11 September 2013 - 9:33am

A drive to cut costs in the NHS is damaging patient care, according to six in 10 CSP members (60 per cent) who took part in a recent survey.


CSP chief executive Phil Gray: 'Greater investment in community services will keep people healthy, out of hospital and living independently at home.'

The results of the survey, which received more than 3,000 responses, were unveiled this morning, shortly before CSP chief executive Phil Gray was due to make a speech to delegates in Bournemouth.
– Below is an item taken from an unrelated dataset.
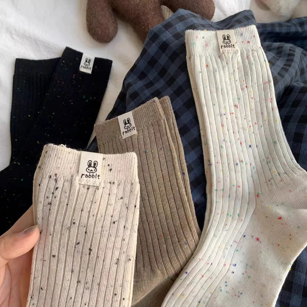 4 Pairs Women Cartoon Printed Mid Tube Sock Fashionable Colored Dot Yarn Sweat Absorbing Breathable Soft Comfortable Casual Sock
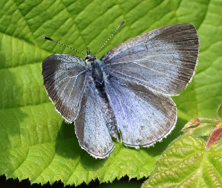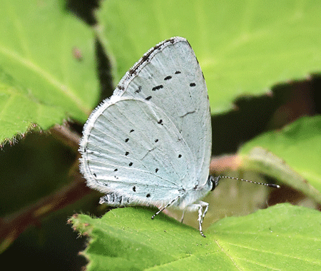 | Wing span: 26-34 mm. This butterfly is often seen in gardens, flying around shrubs. Both sexes have blue uppersides; females have black borders on both pairs of wings. In second-brood females the borders are wider. Both sexes have pale blue undersides with black dots. They usually keep their wings closed while at rest. The Holly Blue is widespread in southern and central England. It can be found in woods and along hedges where there is plenty of Holly and Ivy nearby. It can also be found in churchyards, parks and gardens. |

It also reveals that almost nine CSP members in 10 (88 per cent) believe that cuts-driven restructuring is having a negative effect on professional standards.

And 29 per cent of respondents said their trust was cutting costs in response to the drive to make savings.

The CSP wants more services to be devoted to the treatment and management of long-term conditions. Meanwhile, patients should be able to refer themselves for physiotherapy services without GPs being involved and have speedy access to occupational health services. Falls prevention programmes that help keep older people out of hospital should be rolled out nationally, it argues.

'This survey paints a worrying picture of how many trusts are not planning ahead for the challenge of funding healthcare in the future,' said Mr Gray, who is expected to address TUC delegates this morning during the health debate.

'Simply cutting services means conditions that could have been treated quickly and effectively become chronic, long-term problems that will require more expensive treatment or care,' he said, speaking to Frontline in advance of his expected speech.

'Greater investment in community services will keep people healthy, out of hospital and living independently at home,' he added.

The CSP motion at the TUC calls on unions to campaign for 'more investment in prevention, early intervention and rehabilitation as a key part of meeting future healthcare needs'.